Sponsored by IOT
By Deborah Kotob, ABOM
Nature inspires art, poetry, literature and science. And nature inspired IOT’s new foundational technology, Digital Ray-Path 2.* This revolutionary new lens personalization technology utilizes the discovery of new advanced mathematics to calculate point-by-point optimization of the lens design, incorporating the eye’s natural focusing power.
Every optical engineer and lens designer’s goal is to advance science and mathematical methods in pursuit of lens performance improvements. The introduction of free-form customized lenses was the most significant technological leap in recent years, resulting in substantial improvement in the optical quality of millions of lenses worldwide.
Since IOT introduced Digital Ray-Path® in 2008, their continuous research and development led to significant improvements in mathematical algorithms and the optical, physiological and clinical principles used to customize ophthalmic lenses.
Building on Digital Ray-Path, IOT developed the new state-of-the-art Digital Ray-Path 2, a natural evolution in personalized lens optimization and compensation technology which uses breakthrough mathematical methods to improve merit functions for the smooth distribution of residual aberrations. The effects of full-field aberrations are minimized by considering the human visual systems’ accommodative facility to make small focus adjustments. With this new technology, the lens is also now optimized for the complete volume of accommodative object space instead of a defined point of object space (Fig. 1).

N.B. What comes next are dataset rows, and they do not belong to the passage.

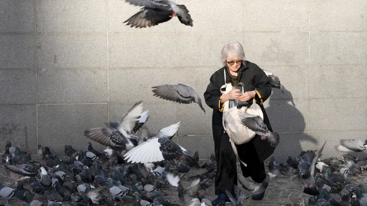 Catherine Hervais her gün şehir merkezindeki meydanda yaralı güvercinleri yem yardımıyla yakalıyor, ardından makas ve cımbızla ayaklarının etrafındaki zararlı kalıntıları dikkatlice temizliyor.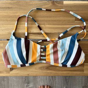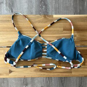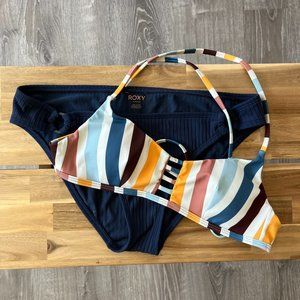 Like new small, striped Roxy bikini top with ribbed navy bottoms. Flattering cut. Adjustable straps on top. Fun swimsuit to add into the mix.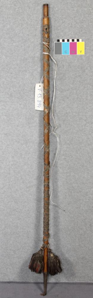 Taktstock aus Holz mit Metallbeschlägen: Silberborten um den Stab, eine Metallspitze unten. Im unteren Bereich sind zusätzlich zwei Quasten angebracht.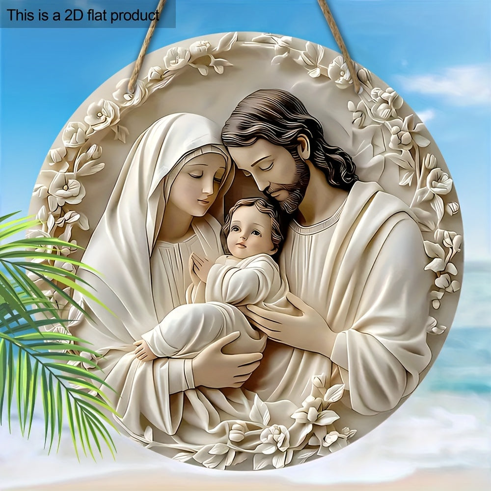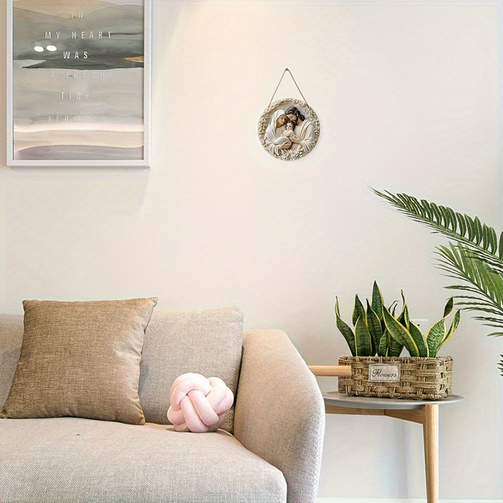 Wooden Nativity Wreath Wall Decor 19.99cm Round Holiday Home Ornament
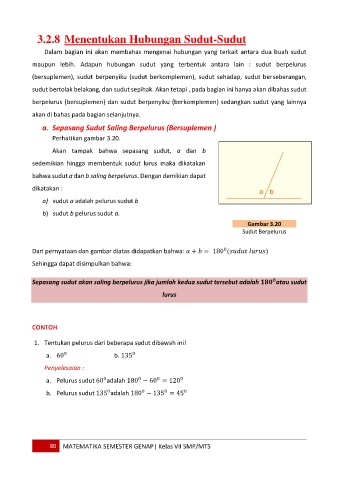 berpelurus (bersuplemen) dan sudut berpenyiku (berkomplemen) sedangkan sudut yang lainnya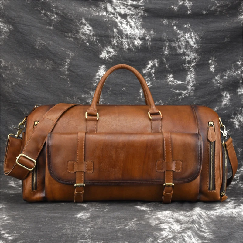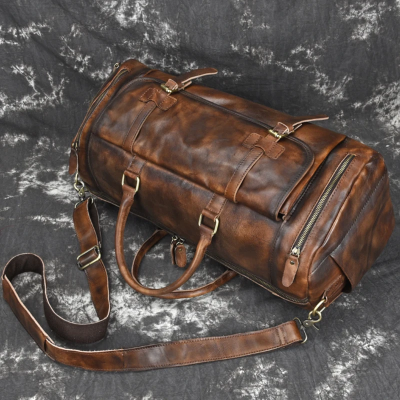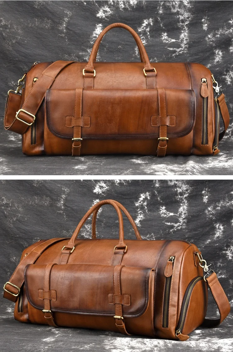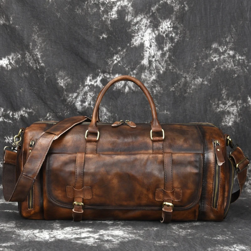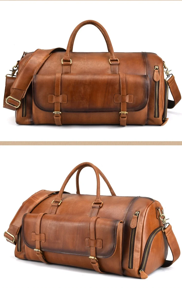 Премиум-качества Изготовлено из натуральной кожи, 100% натуральной воловьей кожи Отличное качество изготовления Материал: 100% натуральная кожа крупного рогатого скота Размер: 52 см x 23 см x 24 см (1-2 см ошибка размера нормальная) Цвет: коричневый Цвет Вес: около 2,2 кг Стиль: популярный дизайн, модный крутой стиль Особенность 1: сумка поставляется с плечевым ремнем 1 шт. Особенность 2: Большая емкость с карманом для обуви Особенность 3: подошва с защитой от заклепок-двойная износостойкость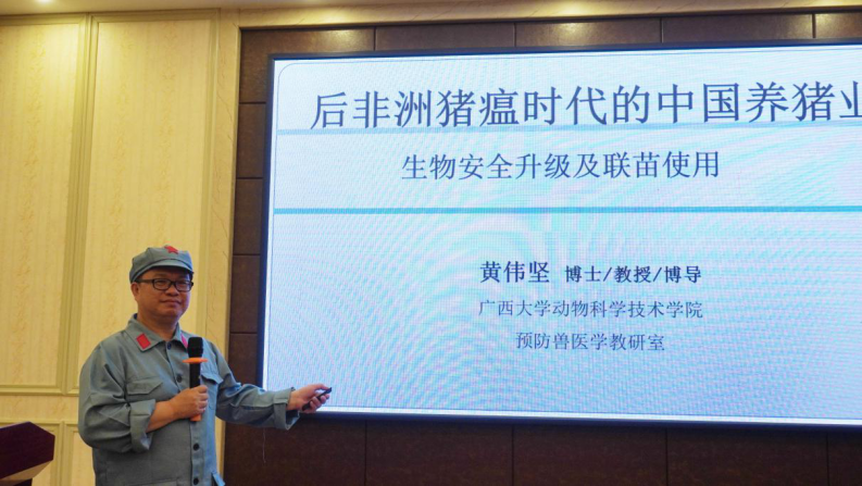 为深入推进党建引领业务、党建业务融合发展,促进院企合作优势互补,双方还举行了校企高峰论坛。农业农村部在第194号和第246号公告中叫停生产、进口、经营、使用部分药物饲料添加剂,废止仅有促生长用途的药物饲料添加剂等品种质量标准,国家层面“饲料禁抗”的法律法规正式出台,在全面推行抗生素饲料禁令的形势下,养殖业该如何发展新的养殖模式,饲料企业该如何转转型抓住机遇?在非洲猪瘟防控取得了阶段性成果,但疫情发生风险依然较高、控制和根除难度极大的后非洲猪瘟时代,企业该如何做好非洲猪瘟防控及生猪养殖工作?针对这两个关乎企业发展的热点话题,乐动(中国)沈水宝教授和黄伟坚教授分别做了题为“饲料无抗与广西现代生态养殖”和“后非洲猪瘟时代的中国养猪业——生物安全升级及联苗使用”的专题报告。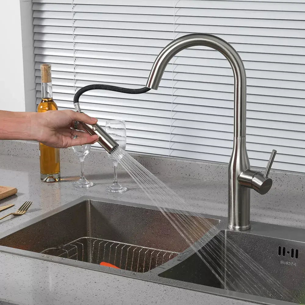 Смеситель для кухни Gappo G4398-45 с выдвижным изливом, сатин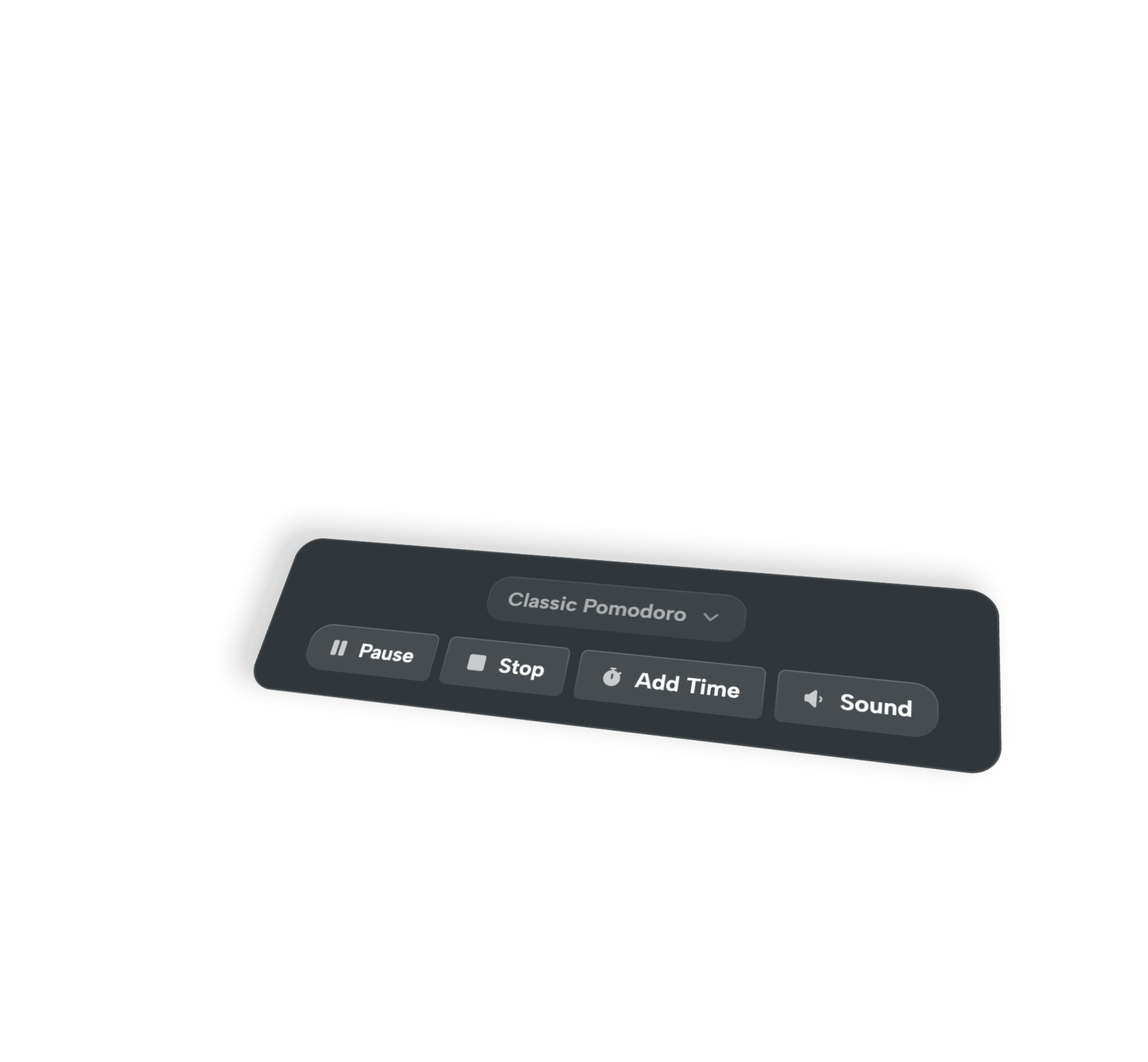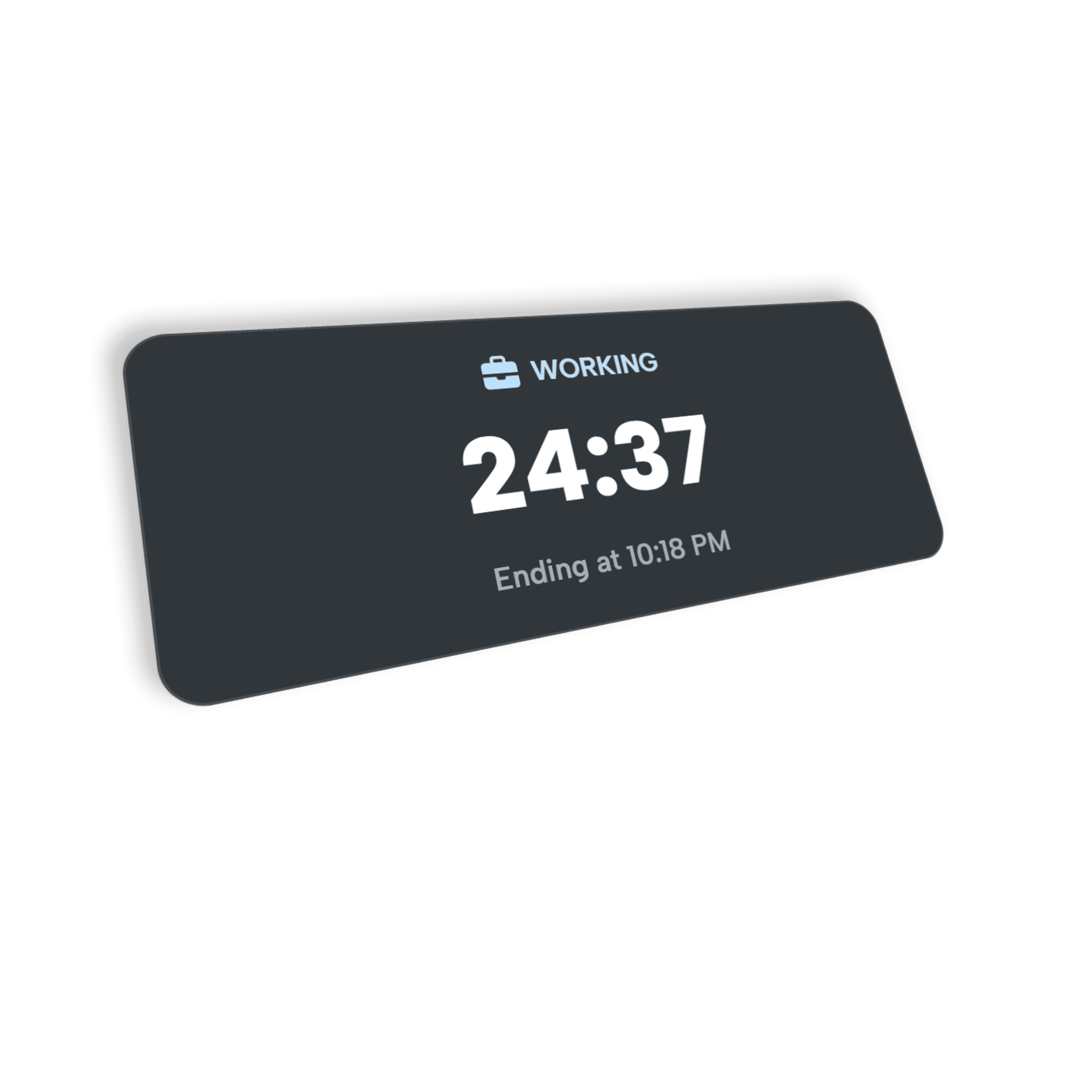 Alarms shouldn't be jarring. We'll add short buffer periods between work and break so you can use both equally while still having time to wrap-up.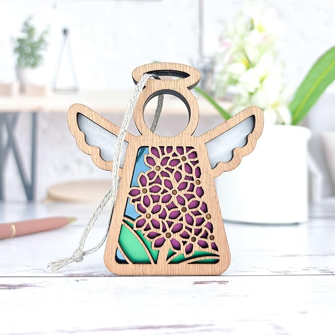 - CAPTIVATING SUNLIT BEAUTY - Each angel showcases a unique motif at its center—reminiscent of the beauty found in stained glass—evoking wonder and delight. The three-layered design ensures a mesmerizing display from both front and back, especially when placed near a window where sunlight brings their colors to life.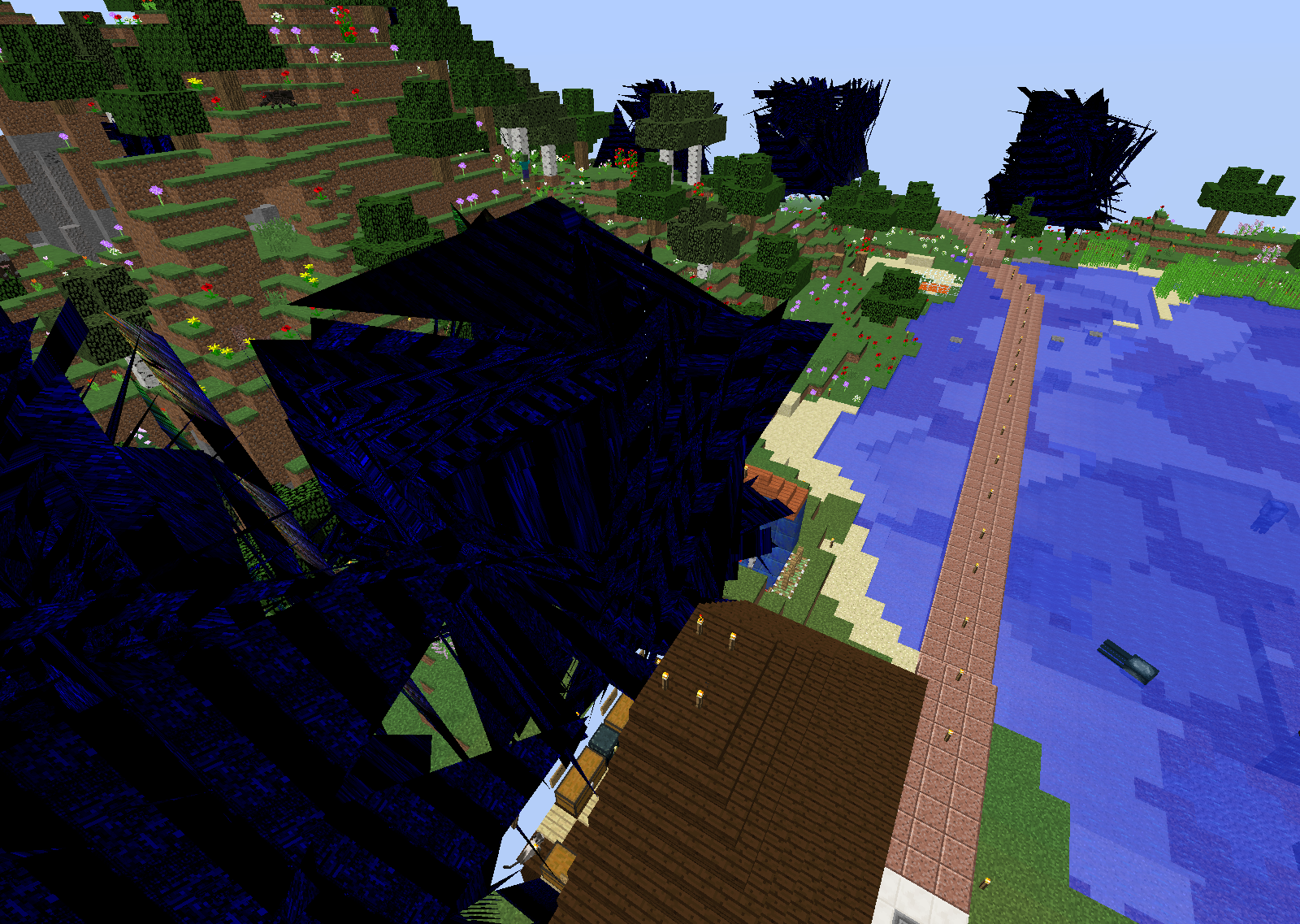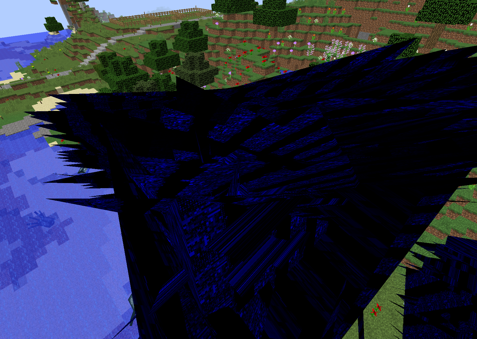 When I turn on VBOs, It turns random bunches of blocks into obsidian like prisms or shapes.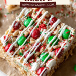 These Holiday Rice Krispie Treats are a festive twist on the classic marshmallow dessert, packed with crunchy Rice Krispies cereal, gooey melted marshmallows, colorful holiday M&M's, and sprinkles, finished with a drizzle of white chocolate. Perfect for seasonal celebrations and easy to make.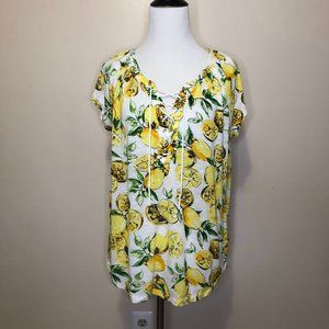 Chaps Lemon Print Yellow & Green Lace Up Front V Neck Top (S)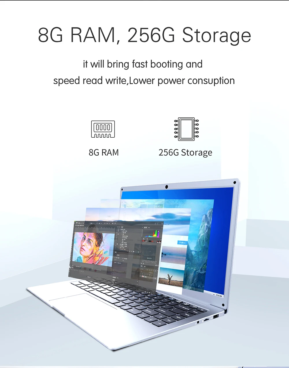 ●Ultra светильник и тонкий 14-дюймовый экран размер, вес тела составляет всего 1,25 кг, толщина всего 1,5 см, портативный и красиво.

Oblique aberrations are inherent in ophthalmic lenses. These aberrations are spherocylindrical in nature, meaning both a cylindrical or astigmatic error and a spherical power error exist. These distortions cause blurred vision as the wearer’s gaze moves away from the lens’ optical center. While Digital Ray-Path Technology minimized aberrations in personalized lenses, elimination is not mathematically possible. As a result, some residual distortion and resulting blur persist. However, with IOT’s new Digital Ray-Path 2, new mathematical methods push the limits of geometry and incorporate (for the first time) the wearers’ small amount of plus spherical accommodative power, in the lens calculation.
FIG. 1
THE EFFECT OF OBJECT DISTANCE ON OBLIQUE SPHEROCYLINDRICAL ABERRATIONS
Both off-axis gaze direction and object distance influence the oblique power and the degree of blur in the lens. This blur is minimized with Digital Ray-Path 2 technology for any object distance in the object space.
FIG. 2
STANDARD OBJECT SPACE VS. ACCOMMODATIVE OBJECT SPACE
Digital Ray-Path minimizes oblique aberrations for one distance or point in standard object space and direction of gaze. One point in space equals one point on the lens. Digital Ray-Path 2 corrects for oblique aberrations within a volume of focal distances in accommodative object space for each direction of gaze. The minimization of oblique aberrations is balanced throughout the accommodative object space.
What does this all mean for the wearer? It means an increase in the optimal correction area of the lens for larger areas of clear, undistorted vision. Lenses calculated with Digital Ray-Path 2 Technology provide a larger area of optimal correction for the wearer (Fig. 2). On average, considering hundreds of real jobs, the optimal correction area is significantly expanded compared to lenses calculated with IOT’s previous technology, Digital Ray-Path.
Digital Ray-Path 2 represents a breakthrough in free-form personalized lens technology that delivers unprecedented visual quality to the wearer.
*Digital Ray-Path 2 is a patent pending technology. Digital Ray-Path is a registered trademark of Indizen Optical Technologies S.L.U.